With RFID providers like Oracle and Intel estimating the market for RFID in the European healthcare sector is worth $420m, it is likely the study is being closely watched.

The adoption of RFID by an organisation as large as the NHS could be a massive leap for the electronics industry, helping to spur on research and demonstrate the business case for such technology. There have been a number of blood tracking pilots carried out throughout Europe in the past few years.

"It is hoped the hospital will see a reduction in the number of samples rejected, a reduction in patient safety incidents and improved traceability of blood and blood products."
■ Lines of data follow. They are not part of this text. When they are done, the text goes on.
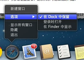 Dock的概念,类似于Windows的程序快捷菜单,你可以点击右键设置是否保留在这里:
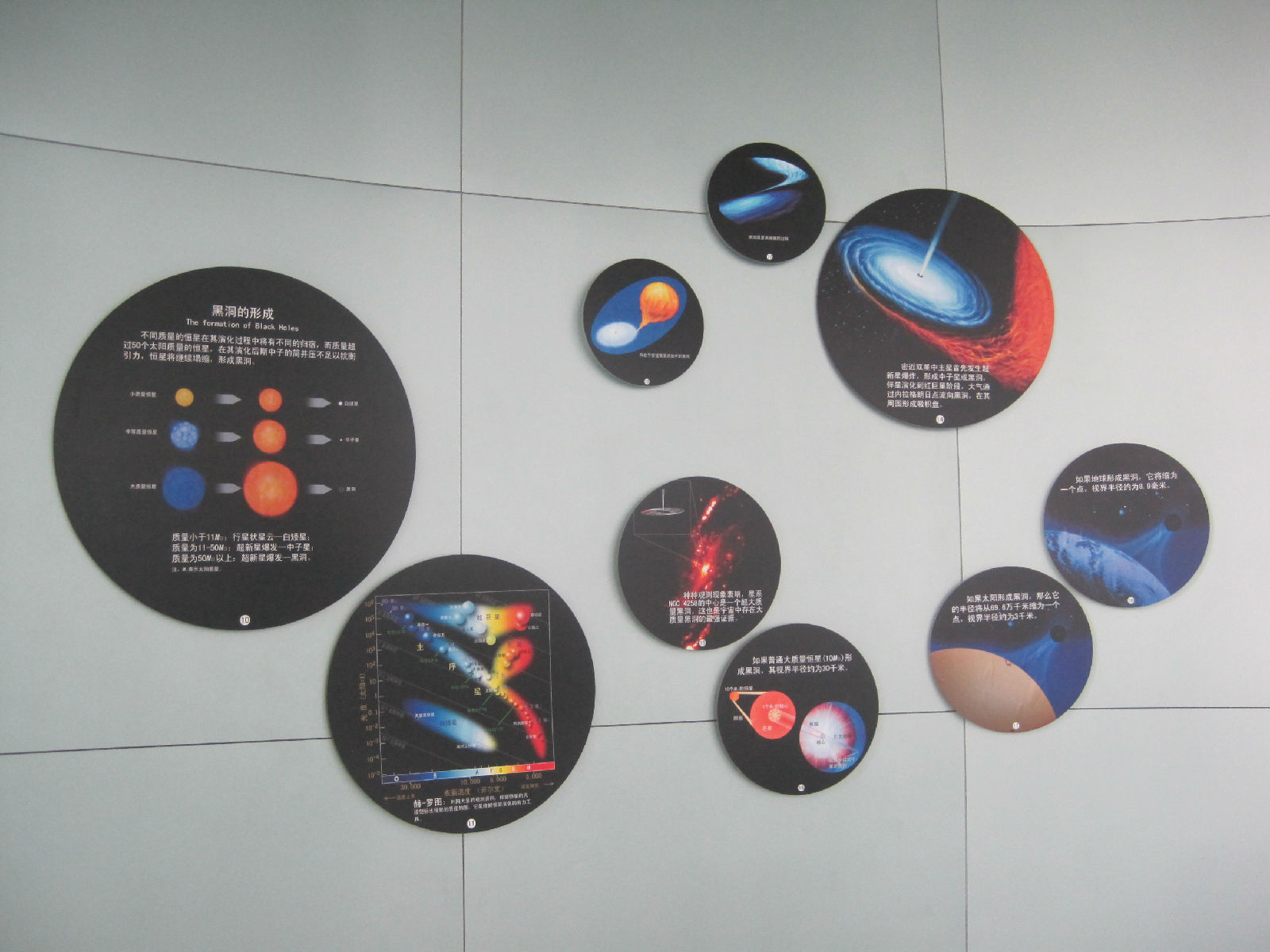 太陽展示廳,展覽面積300米,以展出太陽和太陽系內容為主。主要展項內容有從太陽真空望遠鏡觀測接收而來的1.8米太陽白光投影像;174毫米手描太陽黑子白光全日面投影像;艷麗多彩的太陽光譜投影像;太陽白光、太陽色球全日面和太陽局部活動區的CCD電視圖象等。北京天文館設施包括天象廳,門廳,展覽廳,報告廳,天文臺等。北京天文館是中國乃至亞洲大陸的第一座大型天文館,目前仍是大陸唯一的大型專業天文館。2004年12月12日,北京天文館新館落成,設施包括數字宇宙劇場,3D影院 ,4D影院,太陽展廳等。
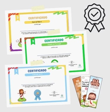 Certificados para entregar ao final da jornada, incentivando os pequenos a continuar firmes na fé.
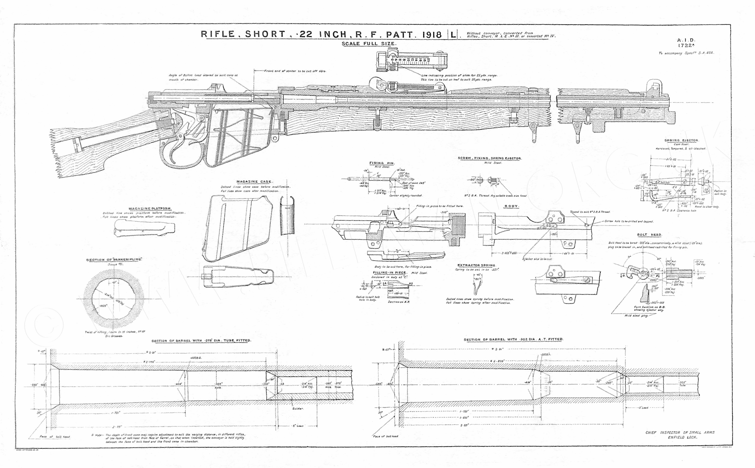 The specification for the Pattern 1918 rifle was issued in a Small Arms Document referenced SA 454. This confirmed approval for the rifle on 27th. January 1919. There were two SAID drawings associated with the specification, one for the rifle, components and chamber detail, and one for the conveyor and an unloading tool that was perhaps superceded by the one shown above. The former was Drg No. AID 1722A and the latter AID 1723, both dated at December 1918.
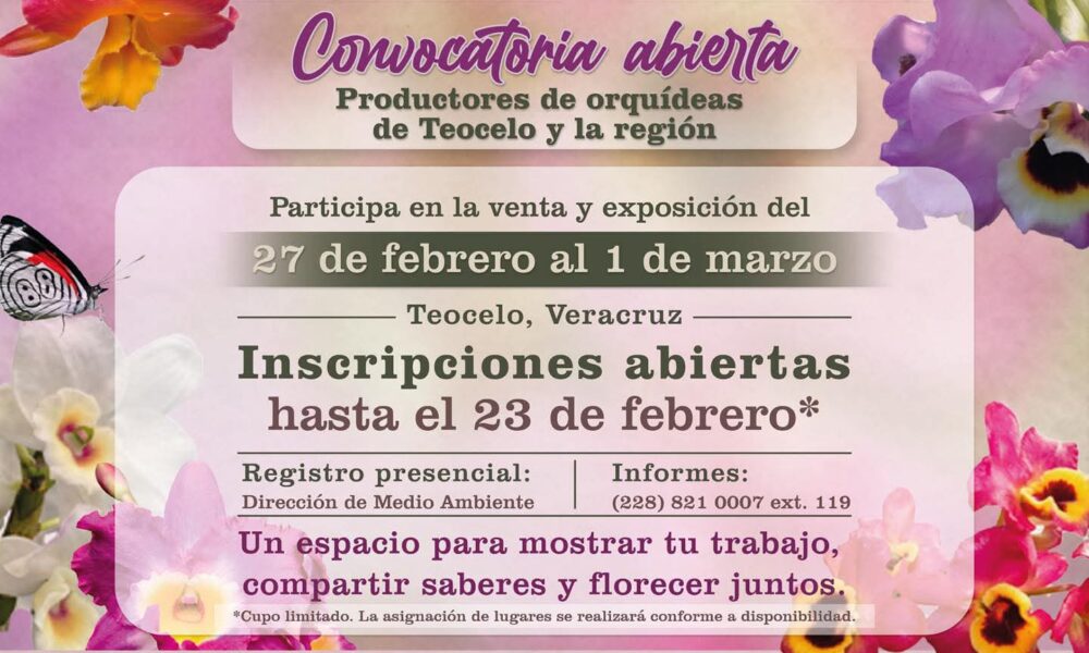 Teocelo. – En el marco del V Festival Nacional Dendrobium nobile, el Ayuntamiento de Teocelo, lanzó una convocatoria abierta para productores de orquídeas de Teocelo y...
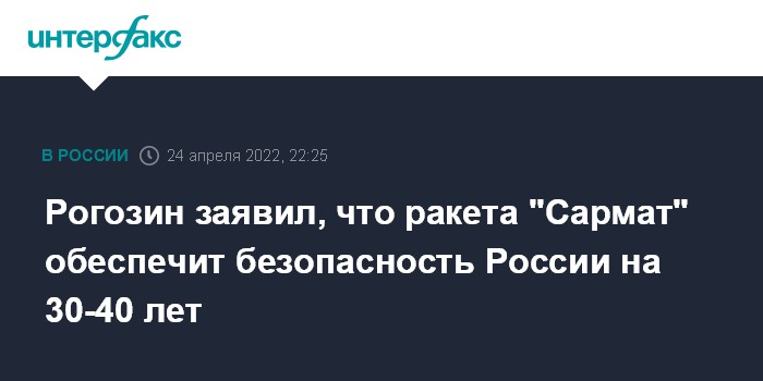 Москва. 24 апреля. INTERFAX.RU - Новая стратегическая ракета "Сармат" будет гарантировать безопасность России в ближайшие 30-40 лет, система противоракетной обороны (ПРО) США против неё бессильна, завил глава "Роскосмоса" Дмитрий Рогозин.
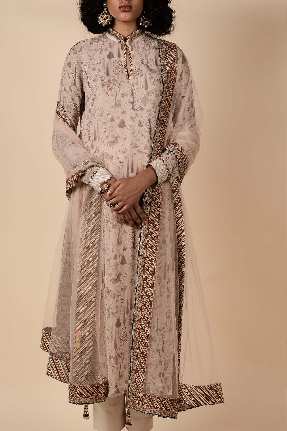Fabric: Tunic- Viscose Georgette, Pants- Viscose, Stole- Tulle
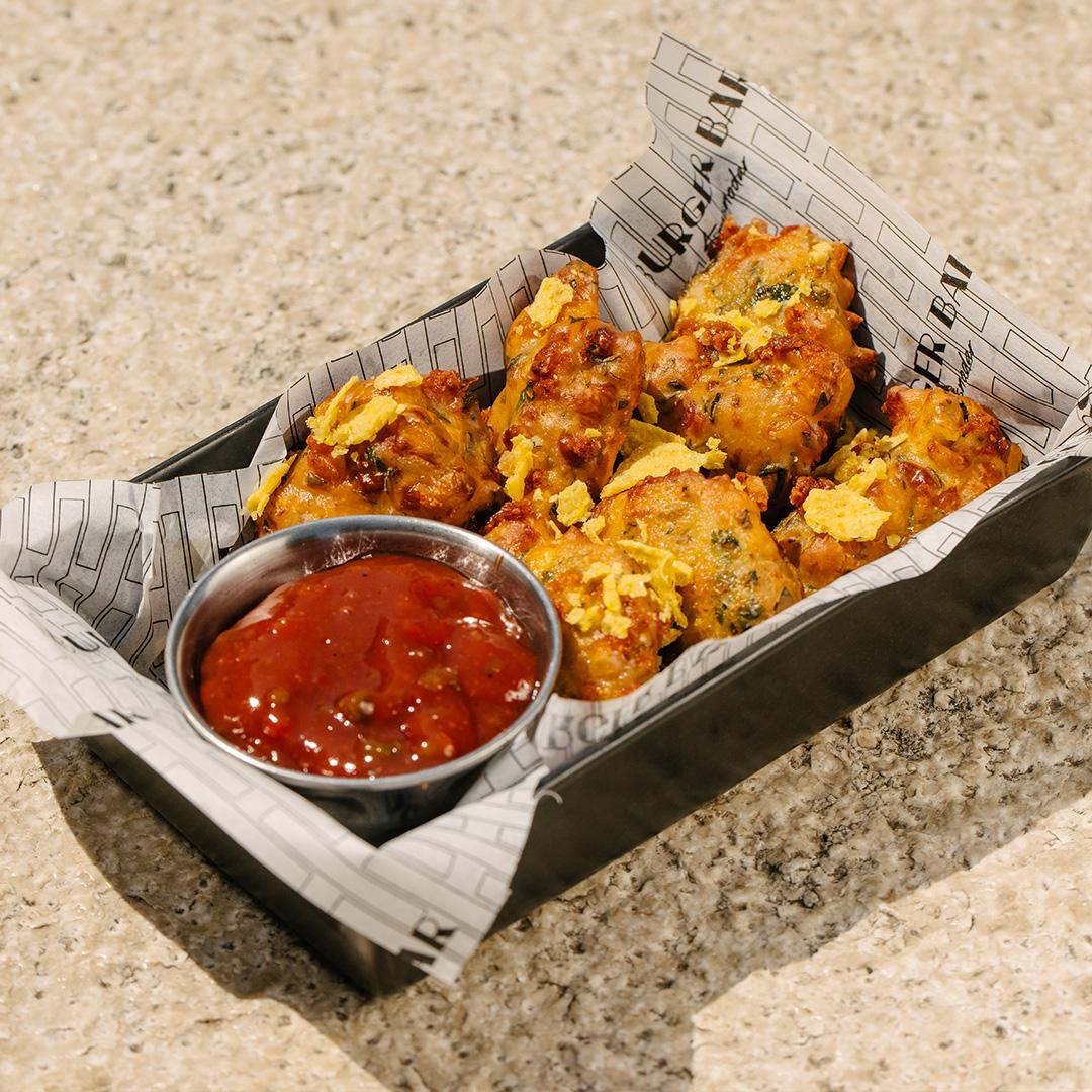 Оригинальное блюдо на мексиканский мотив, в сырно-кукурузной панировке, в дополнении пикантного соуса сальса, украшается начосами.
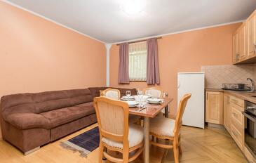 Appartamento può accogliere 6 ospiti. I letti sono disposti nelle camere da letto che sono 2, e nella camera di soggiorno, su 46m2. Gli ospiti hanno a disposizione il proprio terrazzo per godere nelle calde serate estive. Si può preparare il cibo utilizzando il barbecue comune.
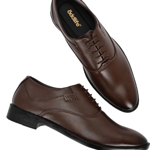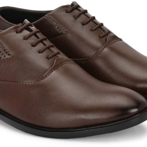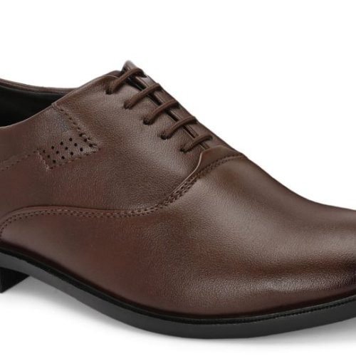 Mens Brown Brogue Sleek Lace-Up Shoes
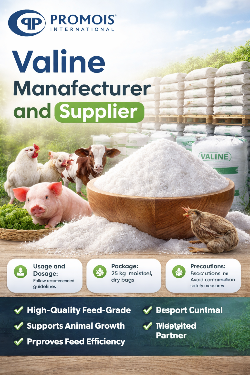 Reliable-valine-manufacturer-supplier-livestock-growth Enhance animal growth and feed efficiency with premium-grade valine designed for modern livestock nutrition. As a trusted Valine Manufacturer and supplier, we deliver high-purity, highly bioavailable valine produced through advanced fermentation processes. Ideal for poultry, swine, cattle, and aquaculture, it supports muscle development, boosts immunity, and improves overall performance. Usage and Dosage: As per feed formulation. Package: 25 kg moisture-proof bags. Storage: Cool, dry place. Precautions: Use recommended levels only. High-Quality Valine Manufacturer and supplier ensures consistent results. Conclusion: Choose a reliable Valine Manufacturer and supplier for better productivity and animal health. Contact details here:- Page link:- https://promoisinternational.com/l-valine Phone number:- +919956678737 Email id :- customercare@promois.ru sales@promoisinternationallt.com Facebook link:- https://www.facebook.com/promoisru/ Insta gram link:- https://www.instagram.com/promois.feedandfeed/
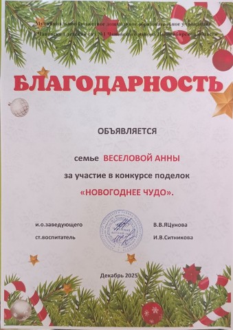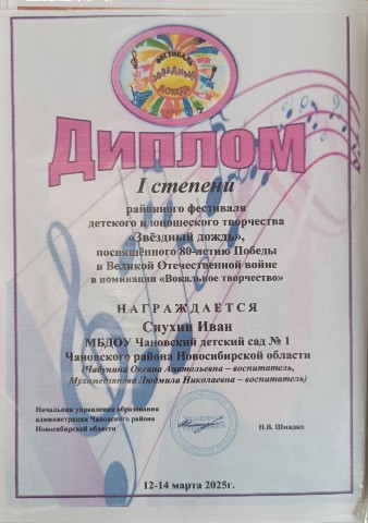 Диплом 1 степени за участие в районном фестивале детско – юношеского творчества «Звездный дождь» в номинации вокальное творчество 2025 год |
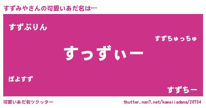 | 女子向けラノベタイトル風あだ名 | 『すずみやの卵を拾いまして』 |
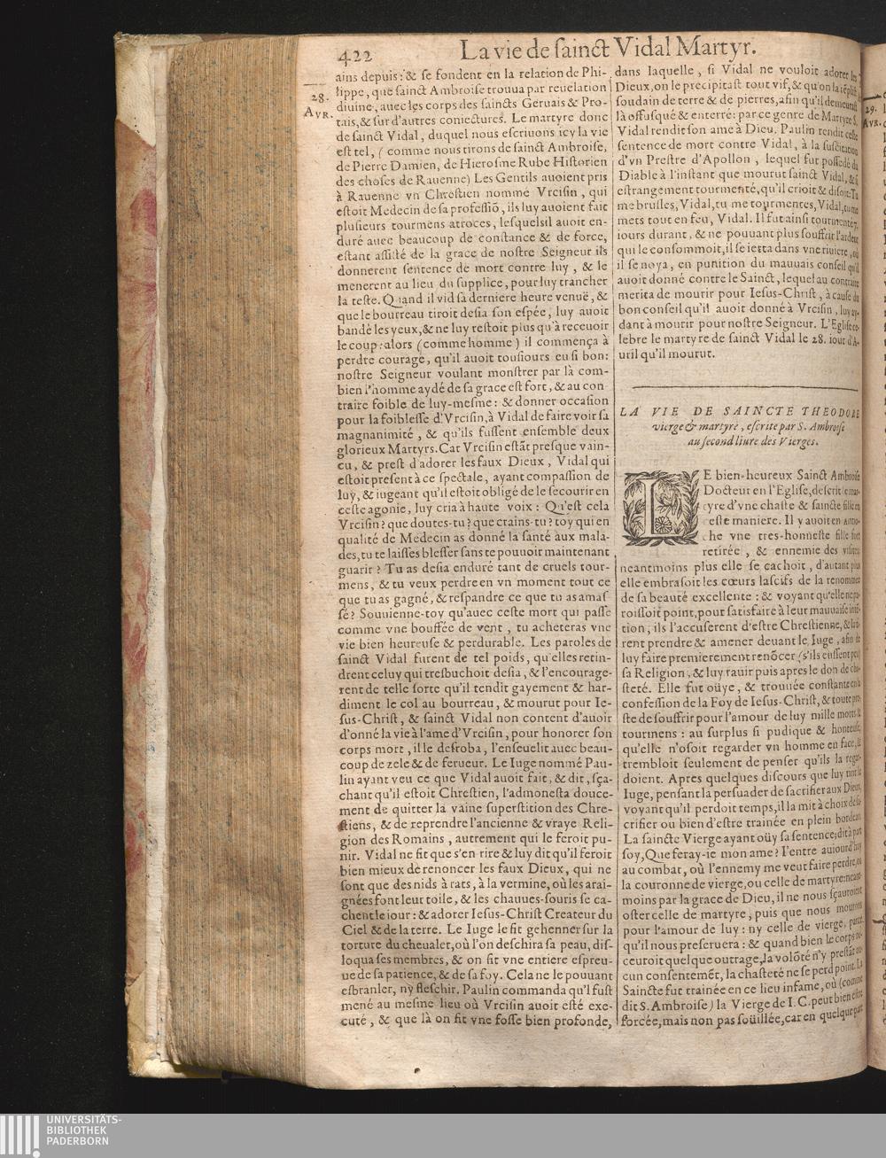 XXIX La vie de saincte Theodore, vierge & martyre.
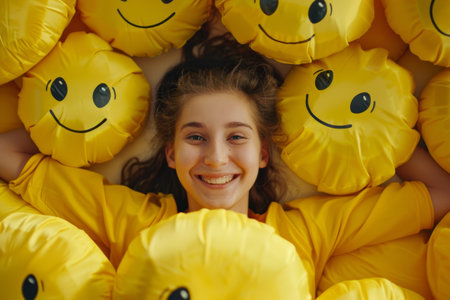 3d illustration of yellow smiley face surrounded by yellow balloons.
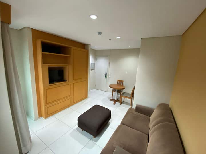 ברוכים הבאים ל - Brasília Santana Gold Flat במרחק של פחות מ -10 דקות נסיעה ממרכז אקספו נורטה ופארק אליאנץ. האורחים יכולים להירגע בסאונה היבשה, ליהנות מחדר הכושר לפעילות גופנית או לאכול משהו במסעדה. בנוסף, Avenida Paulista ו - Parque Ibirapuera נמצאים במרחק נסיעה קצרה מהאתר. לנכס יש גם גישה קלה לתחבורה ציבורית: תחנת סנטנה נמצאת במרחק של 5 דקות ותחנת קרנדירו נמצאת במרחק של 14 דקות הליכה מהאתר.
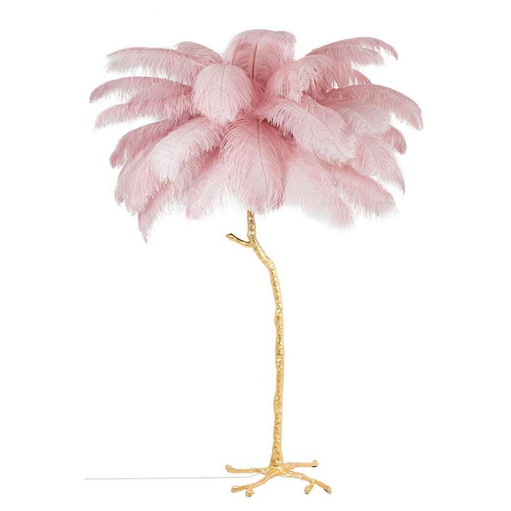 Lampa podłogowa TIFFANY 175 różowa mosiądz / naturalne pióra

The Amsterdam study estimated in blood tracking alone the technology could save an average-sized hospital $550,000 annually through more efficient use of bloodstocks. However, the study also found some problems with active RFID interference but concluded that under real-use conditions, with careful placement of antennas and the correct power setting there was no patient risk.

Another pilot at San Raffaele in Milan tracked for autologous transfusions, or blood taken from the patient which is then returned during transfusion at a later stage. Staff members said it greatly reduced their fears of giving the wrong blood. It concluded RFID provided a robust solution for erroneous autologous blood transfusions and predicted RFID would be investigated further by hospitals and governments for blood tracking.

The Mayday test

Sohal says the pilot at Mayday is currently in phase two with the basic blood tracking system installed, but further development is required to incorporate the unique RFID identifier.

The latest lesson learnt is in trying to develop child wrist bands which will take the RFID tags. "The child wristband is much smaller and made of softer material. We are able to write to and read the chip," says Sohal.

"We are currently experiencing problems with reading the linear and 2D barcode on the wristband. It is sufficient to say work is underway to produce a paediatric wristband."

The pilot still has some way to go before any preliminary results are available but it is expected results will be available by August 2009. It is hoped the hospital will see a reduction in the number of samples rejected, a reduction in patient safety incidents, improved traceability of blood and blood products and better management of blood and blood products.